For instance, Apple introduced Apple Pay in 2015 and has since then galvanized its followers to rely on its Point of Sale (PoS) payment mechanism. Similarly, Google Pay is vying for market share with its outreach advantage of Android devices. Facebook wants to mobilize its social network for B2C selling with the Facebook Marketplace. Facebook Pay is a peer-to-peer payment network targeted towards its messenger audience (Facebook Messenger, WhatsApp, and Instagram).
The buck doesn’t stop here. Apple has partnered with Goldman Sachs to launch its Apple Card, Google wants to offer checking accounts via CitiGroup and Stanford Federal Credit Union. Ride-hailing big-wiz like Uber is leaving a similar trail in its stead as it offers bank account, debit card, and mobile banking in association with Green Dot.
2020 spells more of the same more from such corporations.
7. Responding to Gen Z
As of writing, Generation Z accounts for 32% of the world population (7.7 billion). In the US, they make up to 44% of the population and hold $44 billion in buying power. It can be surmised that legacy banking businesses would mean little to them, and swift digital service delivery everything.
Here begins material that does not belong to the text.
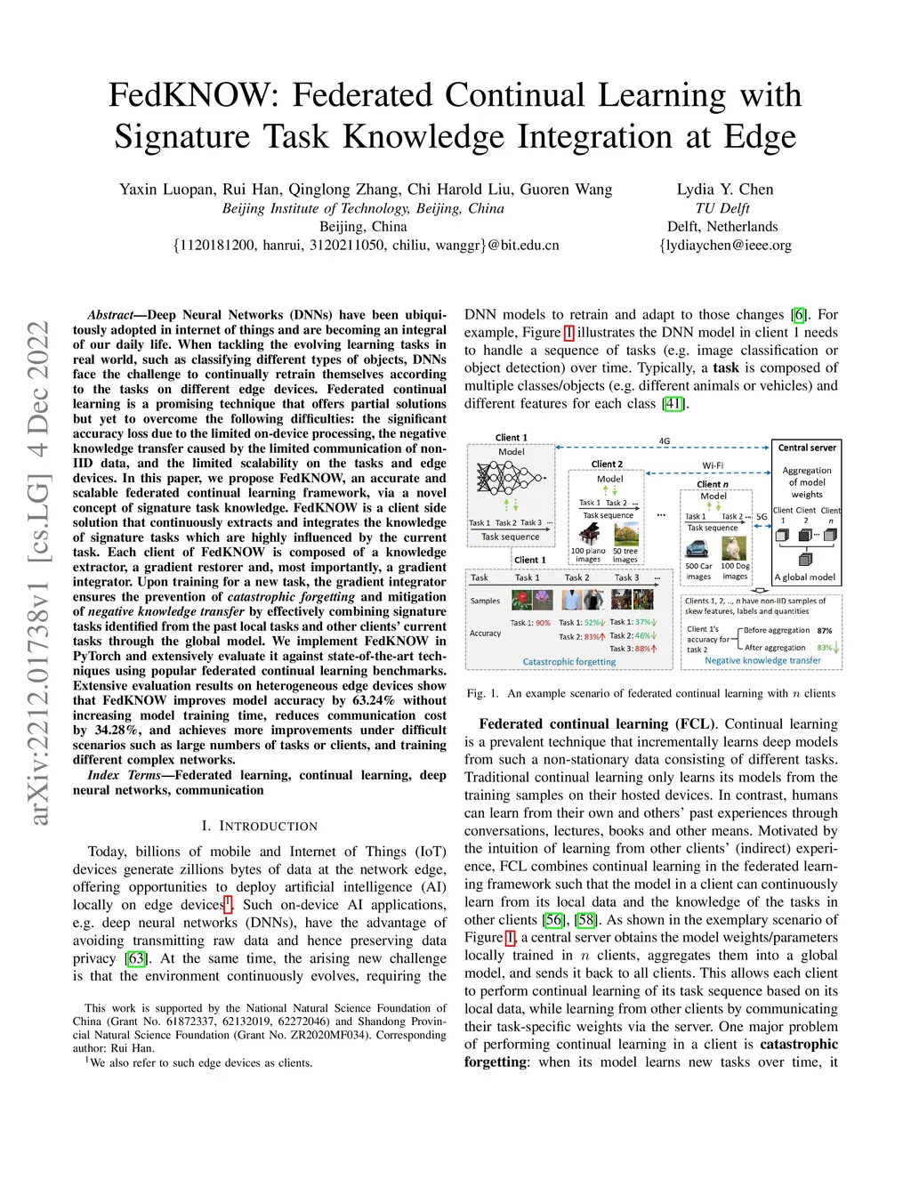 Deep Neural Networks (DNNs) have been ubiquitously adopted in internet of things and are becoming an integral of our daily life. When tackling the evolving learning tasks in real world, such as classifying different types of objects, DNNs face the challenge to continually retrain themselves according to the tasks on different edge devices. Federated continual learning is a promising technique that offers partial solutions but yet to overcome the following difficulties: the significant accuracy loss due to the limited on-device processing, the negative knowledge transfer caused by the limited communication of non-IID data, and the limited scalability on the tasks and edge devices. In this paper, we propose FedKNOW, an accurate and scalable federated continual learning framework, via a novel concept of signature task knowledge. FedKNOW is a client side solution that continuously extracts and integrates the knowledge of signature tasks which are highly influenced by the current task. Each client of FedKNOW is composed of a knowledge extractor, a gradient restorer and, most importantly, a gradient integrator. Upon training for a new task, the gradient integrator ensures the prevention of catastrophic forgetting and mitigation of negative knowledge transfer by effectively combining signature tasks identified from the past local tasks and other clients' current tasks through the global model. We implement FedKNOW in PyTorch and extensively evaluate it against state-of-the-art techniques using popular federated continual learning benchmarks. Extensive evaluation results on heterogeneous edge devices show that FedKNOW improves model accuracy by 63.24% without increasing model training time, reduces communication cost by 34.28%, and achieves more improvements under difficult scenarios such as large numbers of tasks or clients, and training different complex networks.

One of the pointers mentioned above, the digital banks, could bear a semblance of the trend that is inclining heavily towards Gen Z. With their priorities outlined in mobile banking, it is no surprise that they are the central figure for new product development and direct-to-consumer service delivery models.
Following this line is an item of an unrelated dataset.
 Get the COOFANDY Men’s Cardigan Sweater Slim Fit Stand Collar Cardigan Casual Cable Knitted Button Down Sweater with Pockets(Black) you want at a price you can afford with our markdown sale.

8. Digital-Ready Workforce
Automation came knocking on business doors. Now, it is bulldozing the ones that aren’t readily open. As computational intelligence becomes smarter and sharper, complex/cognitive and not just repetitive jobs are beginning to fold up. With this looming danger, it is estimated that automation poses a risk to 1.3 million finance jobs in the US alone. Such professionals would either be handed the pink slips or reassigned. The consensus around the job security of such banks is on shaky grounds. Accenture estimates that by automating key roles, the banking, finance and the capital markets industry stands to save $140 billion by 2025. Therefore, a swift transition to retain the cream of the workforce and re-train/expand their existing credentials will be seen from 2020 onwards.
The banking industry is at a crossroads with the signboard indicating both the challenge and the opportunity. Our times will push legacy banks to scamper for transformation whereas the new-age banks have an open-field to capture market share. With new divisions arising in the century-old business model, it is intriguing to wait and watch from the sidelines what the future has in store.